After a successful season with Locomotive, Kipiani was invited back to play for Dinamo again by Gavril Kachalin. Meanwhile, while playing for Locomotive, Kipiani worked with his future manager Nodar Akhalkatsi, under whose managing he later became one of the key figures of Dinamo Tbilisi, which were among the best clubs – presented not only at the highest level of Soviet football but internationally by the end of the 1970s and early 1980s. It was a time of the most significant results in the national championship along with the local and international recognition and notable achievements at various prestigious football tournaments.

During the period between 1975 and 1982, Kipiani was one of the prominent players on Dinamo Tbilisi, alongside others such as Manuchar Machaidze, Aleksandre Chivadze, Vladimir Gutsaev and Ramaz Shengelia.

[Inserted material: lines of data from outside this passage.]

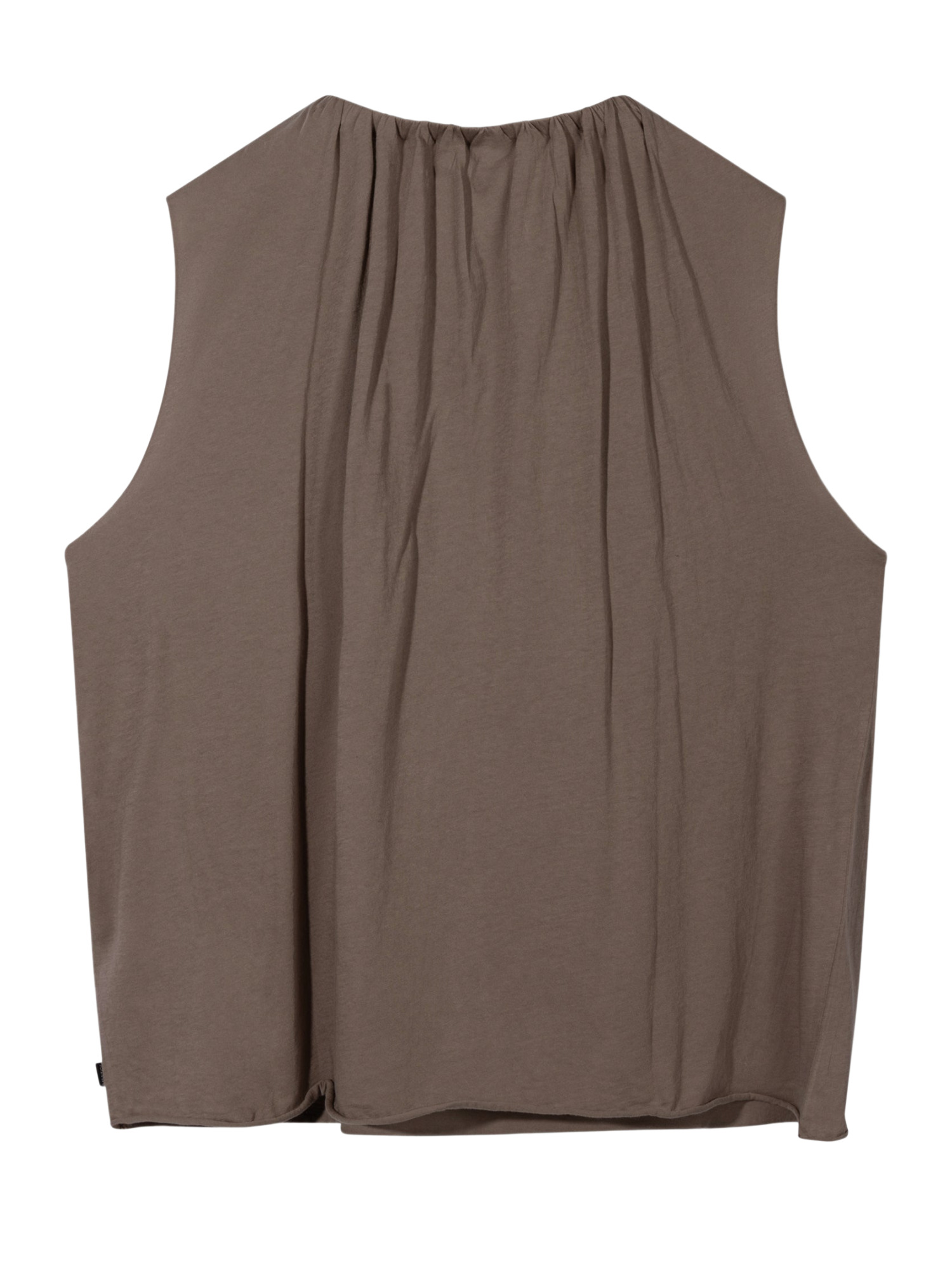 Ob für einen entspannten Tag zu Hause, einen Stadtbummel oder ein lässiges Treffen mit Freunden – dieses Top passt sich jeder Situation an. Der elastische, gesmokte Rundhalsausschnitt sorgt für eine bequeme Passform, während die ungesäumten Abschlüsse an den Armausschnitten und am Saum dem Top einen modernen, leicht unkonventionellen Look verleihen.
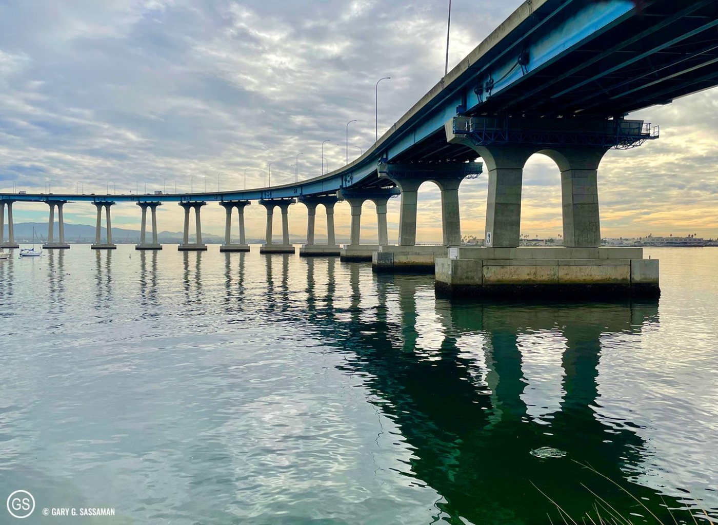 It’s the thing that separates us from yet connects us to the mainland. I travel this 2.1 stretch of arching steel two or three times a week, to and from visits “over there” and I am never not in awe of it … it’s beauty, it’s architectural excellence, it’s engineering precision. The view coming across the Coronado Bridge is different each time, depending on the time of day, the weather, the sun, the moon, or the lack of both. I feel so lucky to live here and to have this marvelous gateway to travel over each time I come home … it makes for a grand entrance every time.
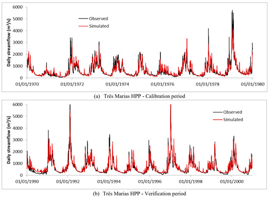 Results of MGB-IPH model: (a) calibration and (b) verification for Três Marias HPP.
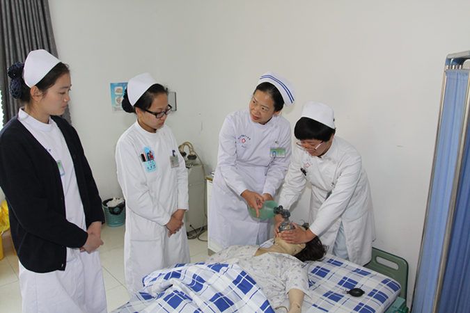 本站讯 近日,我院护理部提出了全员考核全员达标的考核要求,对14项技能操作按护士层级分类考核。各科室护士长积极参与到练兵队伍中,以带动科室人员积极备战,顺利过关。图为11月14日,外科总护士长、骨科护士长徐桂花与科室人员一同练习“简易呼吸器”操作流程。(刘小芸 摄)
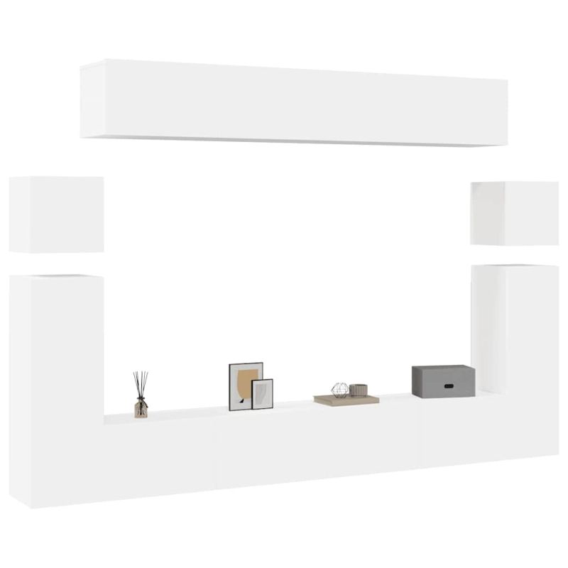 Комплект ТВ шкафове от 8 части инженерно дърво Бял гланц
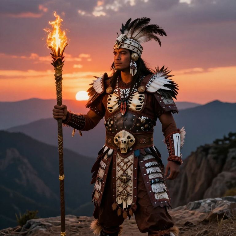 Photograph of a Native American warrior standing on a rocky mountain ledge during a vibrant sunset. He has a muscular build, long black hair, and wears a feathered headdress. His armor is adorned with metallic plates, feathers, and a prominent skull belt. He holds a burning torch in his right hand. The background features a colorful sky with orange and purple hues, and distant, shadowy mountain ranges. The warrior's dark brown and black attire contrasts with the bright sky, and his intense gaze is directed to the horizon. The image evokes a sense of bravery and ancient culture.

The Georgian team saw success against such football clubs as Liverpool, Inter Milan, Napoli, West Ham United, and Feyenoord, largely determined by their talent, unique playing abilities and individual skills, vision of the game, and by their complete interactions on the football pitch, where Kipiani was arguably the most dominant player.

==International career==
Kipiani was capped 19 times for the Soviet Union, between April 1974 and May 1981, scoring seven goals. He made his international debut under manager Konstantin Beskov, in a friendly international match on 17 April 1974 in Zenica, when he was a second-half substitute for Vladimir Fedotov. Kipiani has scored his first international goal just after five minutes into his debut for the Soviet team, which became the only goal of the match and Soviet Union beat Yugoslavia 1–0. He played his last national team game on 30 May 1981 in a 1982 FIFA World Cup qualifier against Wales.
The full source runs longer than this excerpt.